▶ [ACTION ITEM] Begin at the line below that has "Obejmuje koszt wszystkich". Stop after the line that has "Vacancy for the", repeating each line exactly and leaving out the pictures.

Saved data entries:
== Segment start ==
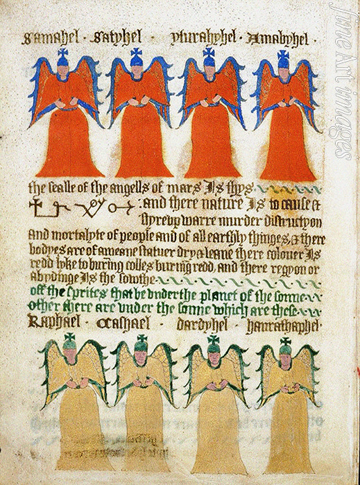 Die roten Engel des Mars und die goldenen Engel der Sonne. ?Aus The Sworn Book of Honorius (BL Royal 17 A)
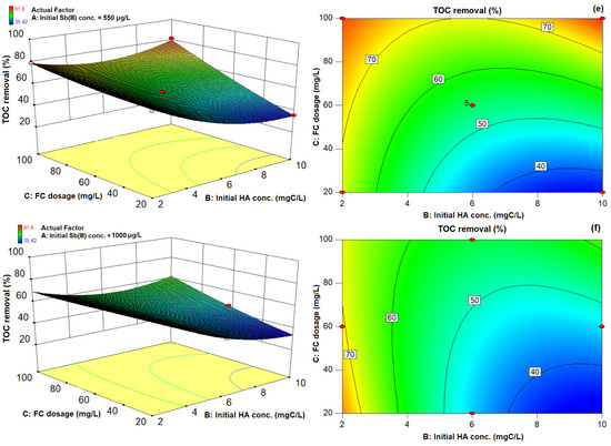 The TOC removal responses as a function of HA and FC dosage at three initial Sb(III) concentration levels is shown in Figure 2d–f. At 100 µg/L Sb(III) level, Figure 2d shows the HA removal response. At a low initial HA concentration of 2 mgC/L, FC dosages of 20 mg/L and 100 mg/L achieve 54.5% and 80.9% TOC removal. However, at 10 mgC/L HA, 35.42% and 81.8% TOC removal was achieved at FC dosages of 20 mg/L and 100 mg/L, respectively. These results suggest that FC dosage is the most significant parameter at a low initial HA concentration. However, the addition of more FC coagulant at higher initial HA levels has insignificant impact on the TOC removal response. These results are consistent with previous research [28], which found an insignificant increase in TOC removal performance after optimum conditions with an increasing FC dosage for highly HA-contaminated suspensions. Similarly, the BBD removal response function of TOC also indicated that the quadratic term (FC dosage × FC dosage) is counterproductive and thus will not improve the TOC removal process (Table 4). Such observation is in good agreement with the previous literature, which reported that increasing the coagulant dosage beyond optimal removal range was ineffective in improving dissolved organic carbon removal from water [30,32]. Moreover, increasing the initial Sb(III) concentration levels, i.e., 550 µg/L and 1000 µg/L, hinders the TOC removal process at high FC dosages up to 75% and 60%, respectively (Figure 2e,f), thus indicating the competing role of Sb(III) ions with HA molecules during the coagulation process [18,24,25,28]. In general, our findings indicate the interactive behavior between Sb(III) and HA molecules, and their influence on simultaneous Sb(III) and TOC removal responses, with the aim of providing remarkable outcomes for large scale conventional water treatment plants.
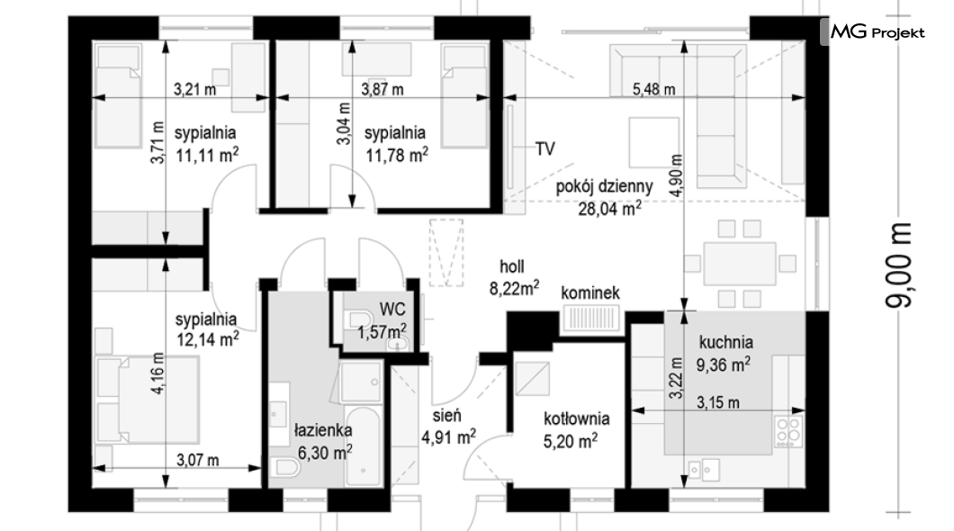 Obejmuje koszt wszystkich robót stanu surowego, wykonania instalacji wewnętrznych oraz robót wykończeniowych.
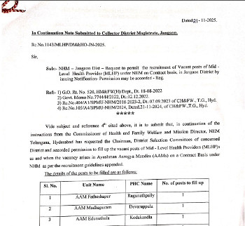 Vacancy for the post of Mid Level Health Provider (MLHP), National Health Mission, Jangaon.
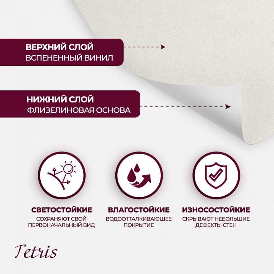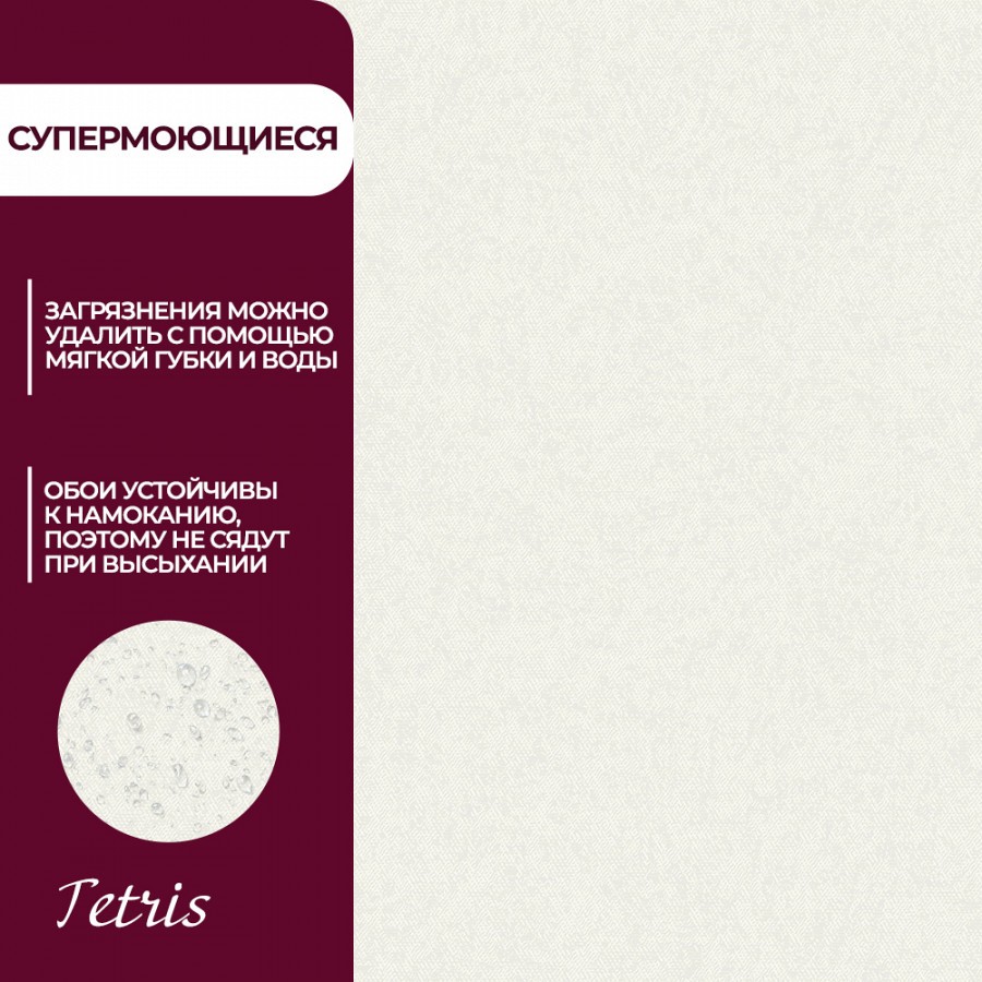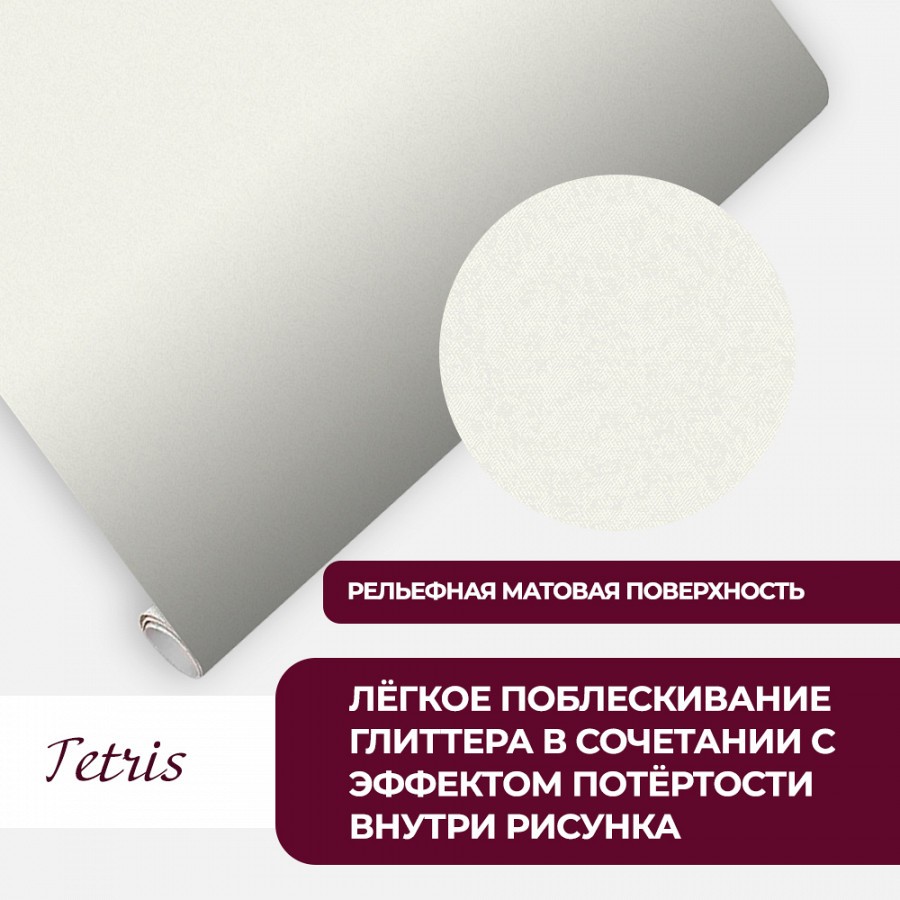 <div>Легкая абстракция с воздушной текстурой и несложным орнаментом в новой коллекции «Tetris» способна разгрузить пространство и сделать интерьер комфортным и уютным.<br /> На матовом полотне хаотичной россыпью нанесен мелкий неоднородный рисунок с геометрическими формами разного характера. За счет рельефной фактуры дизайн приобретает 3D эффект и выглядит объемно.<br /> Легкое поблескивание глиттера в сочетании с эффектом потертости внутри рисунка придает коллекции шарма и, одновременно, брутальности.<br /> Цветовая гамма в нейтральных оттенках бежа, слоновой кости, молочного, светло-серого и мокрого асфальта в тандеме с универсальным рисунком будет смотреться выигрышно в любом помещении, будь то спальня или прихожая.<br /> </div>
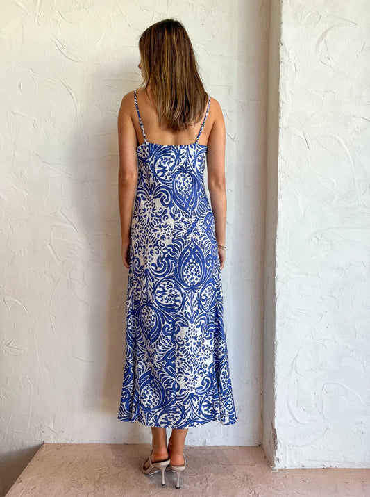 Brighten up any Coco occasion with the Shona Joy Pombeline Bias Slip Midi Dress in Ivory / Deep Blue.
== Segment end ==
▶ [REPLY]
 Obejmuje koszt wszystkich robót stanu surowego, wykonania instalacji wewnętrznych oraz robót wykończeniowych.
 Vacancy for the post of Mid Level Health Provider (MLHP), National Health Mission, Jangaon.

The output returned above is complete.